I agree that the behaviour shouldn't be dynamically changed at runtime with
regard to the class being use as a Combiner or a Reducer but someone may
want to produce counters in order to have an overview of what is happening
(sanity check). But you really would like to be able to not aggregate the
same counters between the Combiner and the Reducer. How would someone do
that? ie you can introduce a combine/reduce keyword in the counters name
but how would you detect which instantiation is used in which case? I guess
somehow with the task name it might be possible.. Is there a better way?
BUT if you look at the jobtracker counters summary there is a distinction
between map and reduce values. Maybe it is enough in this case? (I have
never used counters inside a combiner so I don't know.)
On Tue, Nov 6, 2012 at 12:29 PM, Harsh J <[EMAIL PROTECTED]> wrote:
> Hi Prasad,
> My reply inline.
> On Tue, Nov 6, 2012 at 4:15 PM, Prasad GS <[EMAIL PROTECTED]> wrote:
> > Hi,
> > I'm setting my combiner and reducer to the same java class. Is there any
> > that could tell me the context in which the java class is running after
> > hadoop job is submitted to the cluster i.e whether the class is running
> as a
> > combiner or a reducer.
> A combiner may run both at the map end and at the reduce end. Even if
> it is possible to do it, it isn't a healthy idea to have the method's
> logic detect if its running as a reducer or as a combiner.
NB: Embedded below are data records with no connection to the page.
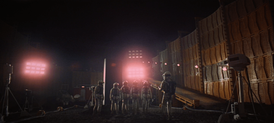 Just as there is the great public perception of 2001 as a little unfeeling, there are hundreds of interpretations, thinkpieces, and critical essays written about 2001. Most of them think about Moonwatcher and his pack, or the mission of Discovery One with an emphasis on HAL’s self-interest, or the Stargate and beyond. Relatively few articles about the movie feature Dr. Heywood Floyd and the Clavius situation, and when they do they typically discuss the incredibly realistic special effects. Sometimes the use of the “Blue Danube Waltz” to back the similarly ordered, precise, and beautiful dance of spacecraft guided by orbital mechanics is featured, for good reason. A writer with a sense of humor won’t fail to bring up the rules for using the toilet in space. Much of 2001 pivots on arrogance, at least from a plot perspective. In the first act, Moonwatcher’s rival at the water hole is arrogant enough to ignore the bone Moonwatcher holds, and he is struck down by it believing that he can drive off the upstart and his community. HAL’s arrogance is the root of his drive for self-preservation; that he may have made a miscalculation is a colossal embarrassment which leads to multiple deaths at his…hands, I guess. But the Clavius act, as much buried in the middle of the film as the Monolith was buried in the Moon, is the only one to me which seems securely to reflect this idea of human arrogance. Think of the way the Americans, still cordially distrustful of the Russkies, then proceed to line up in front of the Monolith and take a photograph of it, as if they were somebody’s Large Sons and the Monolith was some great African mammal they had shot and killed. They are rebuffed (which always makes me laugh, despite the noise that goes with it), but the point is much the same. The people overstep themselves here, as technologically advanced as they’ve ever been but still not understanding the Monolith itself. Even worse, they seem unwilling to extend themselves much further, to really indulge themselves in the advances that the Monolith is able to make them capable of. While 2001 may not be a warning in the same urgent sense that we might conceive of Dr. Strangelove as a warning, it certainly does have a message for its Cold War audience all the same. 2001 is fundamentally optimistic; it believes that improvement, even if it’s preceded by semidivine intervention first, is possible. It changes the message of our cruel Darwinism from “Adapt or die” to “Evolve and prosper.”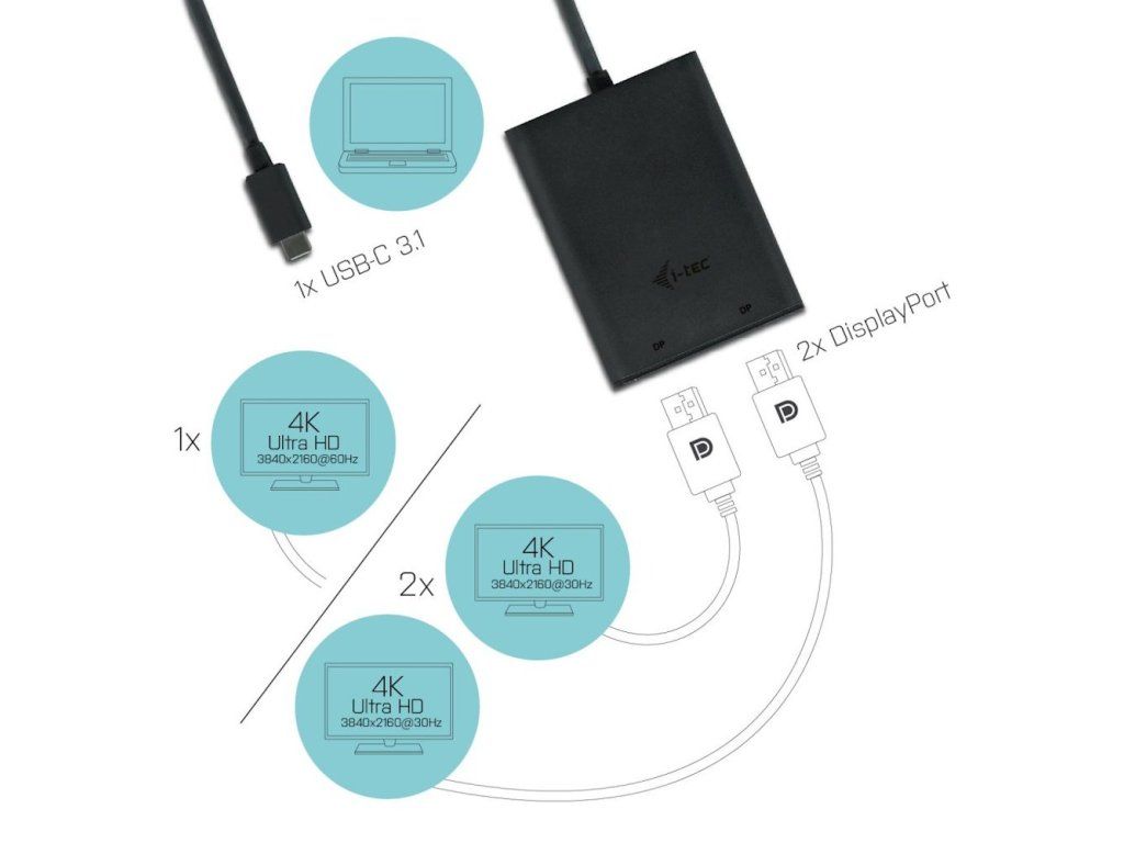 I-TEC USB-C na dual DisplayPortAdaptér I-TEC USB-C na dual DisplayPort umožňuje rozšíření vaší pracovní plochy o dva externí Display Port monitory přes USB-C nebo Thunderbolt 3 konektor. Adaptér podporuje přenos 4K Ultra HD rozlišení až 3840 × 2160 pixelů při 30 Hz včetně audio signálu. Díky němu si můžete užívat filmů na domácím projektoru, udělat ze stolního počítače rozšířenou pracovní stanici nebo ve škole či v práci představovat prezentace. K notebookům Apple je možné připojit pouze jeden monitor, žadný USB-C adaptér nepodporuje připojení dvou monitorů v Mac OS, toto zvládá pouze Thunderbolt 3 adaptér.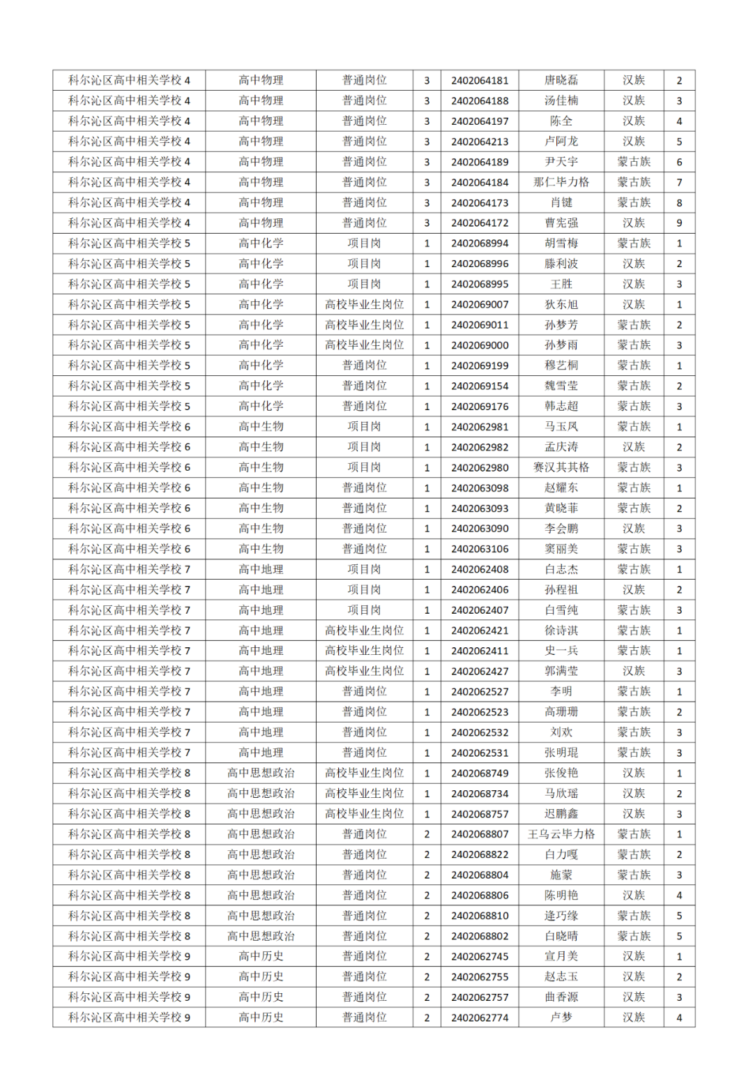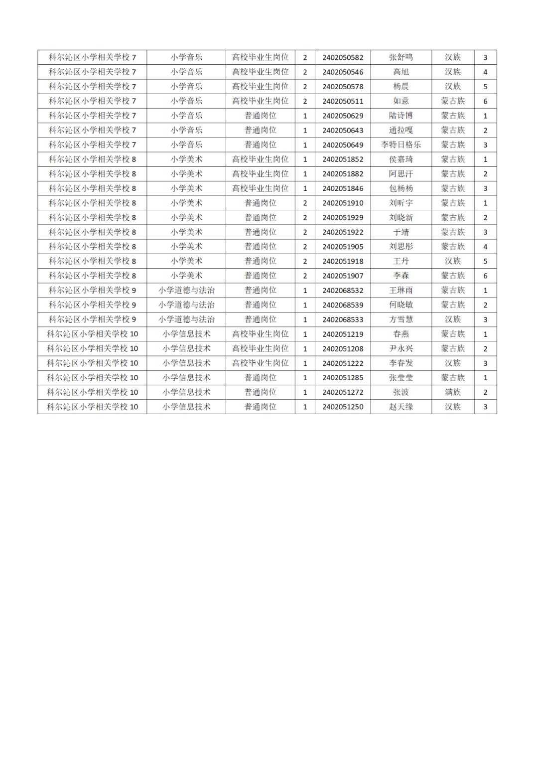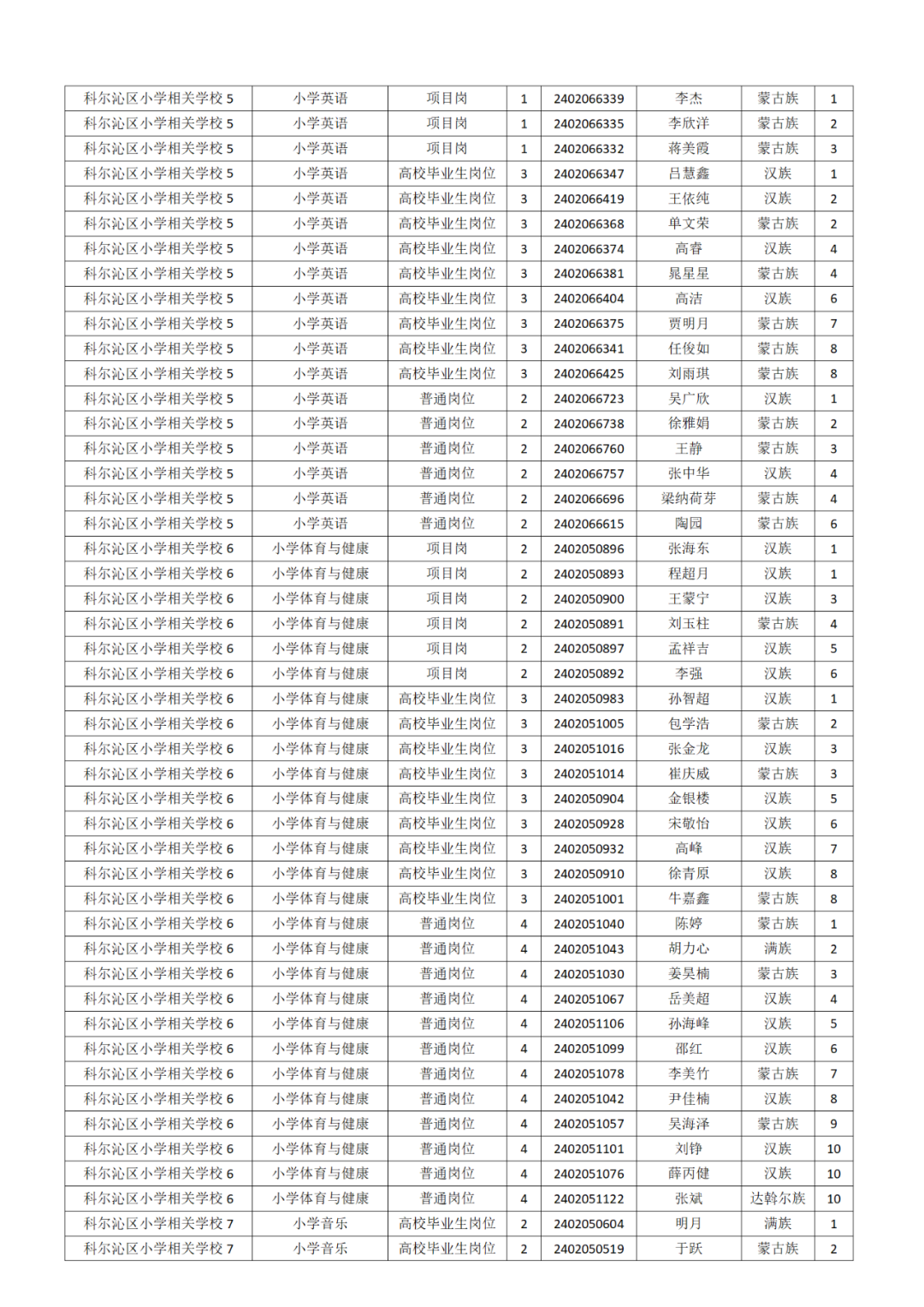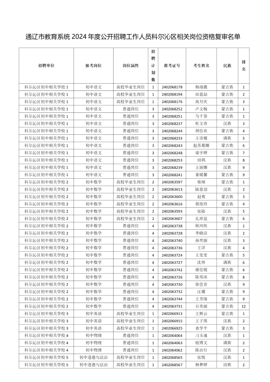 附件:通遼市教育系統(tǒng)2024年度公開招聘工作人員科爾沁區(qū)相關(guān)崗位資格復(fù)審人員名單
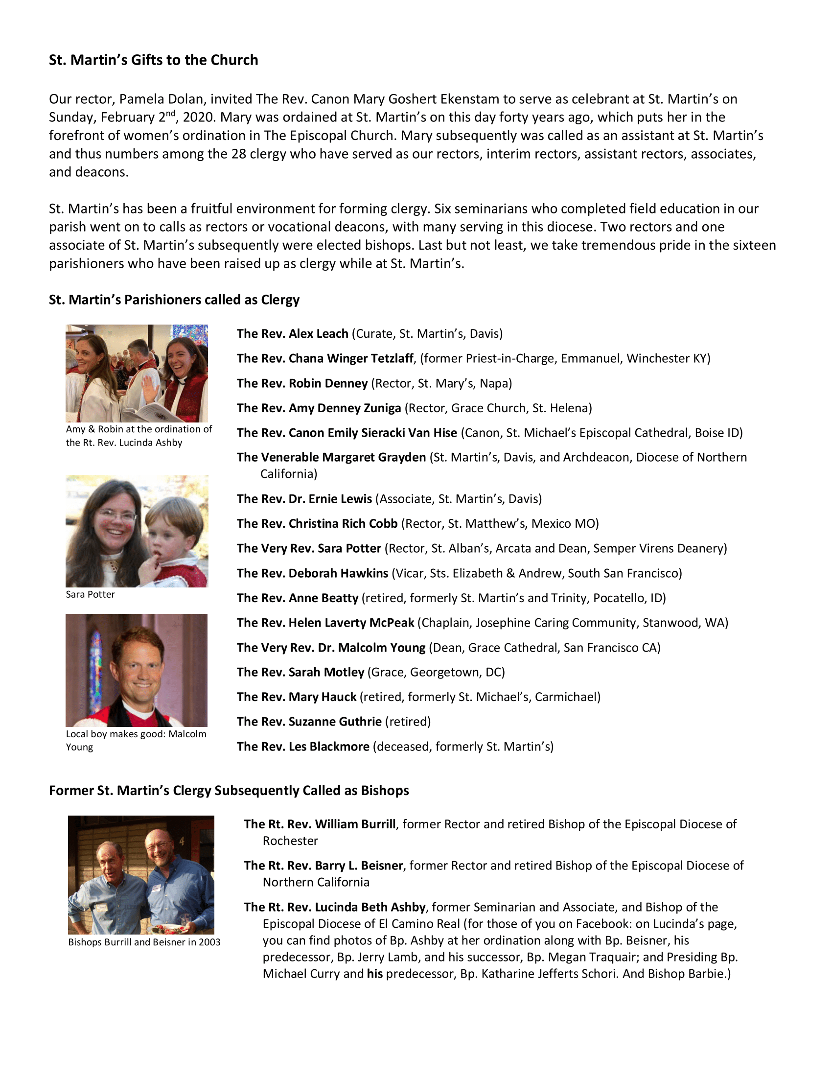 St. Martin’s has a long history of raising up parishioners who have been called to ordained ministry.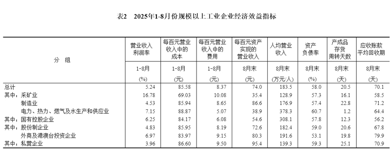 8月末,規(guī)模以上工業(yè)企業(yè)每百元資產(chǎn)實現(xiàn)的營業(yè)收入為74.0元,同比減少2.0元;人均營業(yè)收入為183.5萬元,同比增加5.7萬元;產(chǎn)成品存貨周轉天數(shù)為20.5天,同比增加0.1天;應收賬款平均回收期為70.1天,同比增加3.7天。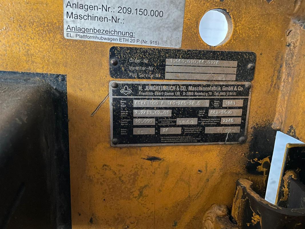Make: JUNGHEINRICH, Model: ETHA 100 P 140-285-28.5, Year of construction: 1981, Max. load capacity 10,000 kg, platform length approx. 2,800 mm, incl. charger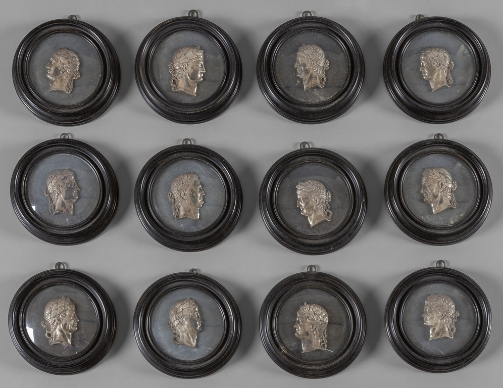 Cesari dodici profili in argento con cornici in legno ebanizzato sec.XIX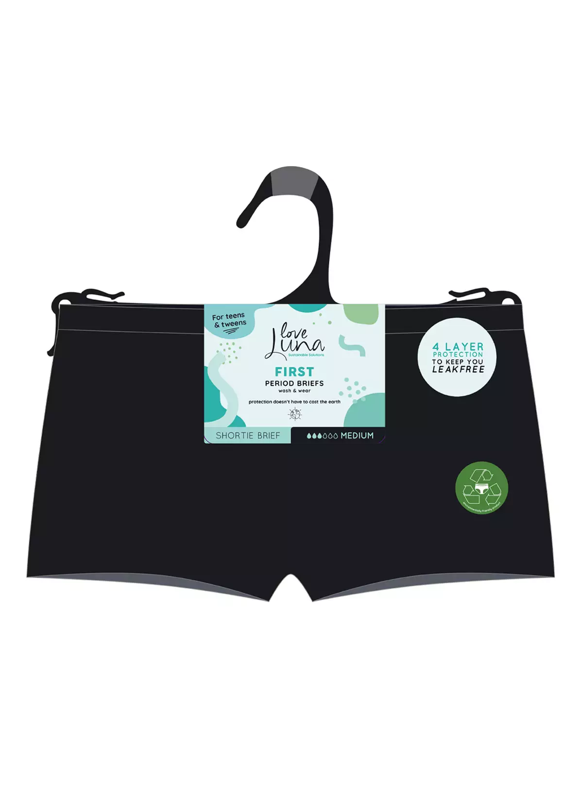 Our Teens First Period Shortie knickers are specifically designed to fit tweens and teens, made in junior sizes for younger growing bodies. FIRST by Love Luna period briefs have 4 layers of absorbency and protection to guard against life’s annoying and sometimes embarrassing situations. Holds up to the equivalent of 10-15ml, which is 2-3 regular tampons worth.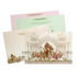 This cream padded wedding card showcases a lively 3D baraat procession featuring regal elephants, musicians, and dancers, set against a beautifully embossed palace backdrop. The card boasts intricate embossing with gold accents and a luxurious hardbound padded cover, ideal for elegant wedding celebrations. The set includes a matching envelope and two colorful inserts for a complete wedding package.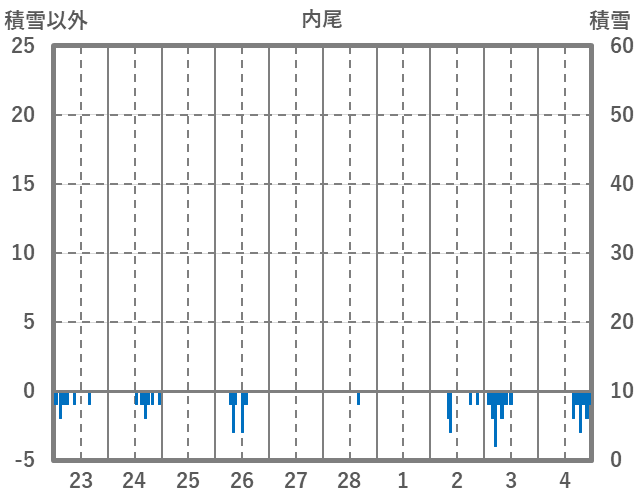 | 日 | 時 | 気温 | 降水 | 風向/風速 | 日照 | 積雪 | 降雪 |

> > I need this information to change the OutputCollector
> > in the java class. Also I do not want to duplicate the same code as
> > and reducer with only the OutputCollector changed.
> Why do you think it would require duplication? Your logic can be built
> in smaller, independent, reusable functions within the same class, and
> just applied differently for an implementation of Reducer class and an
> implementation of the Combiner class. This way, you repeat nothing.
> > Thanks,
> > Prasad
> Harsh J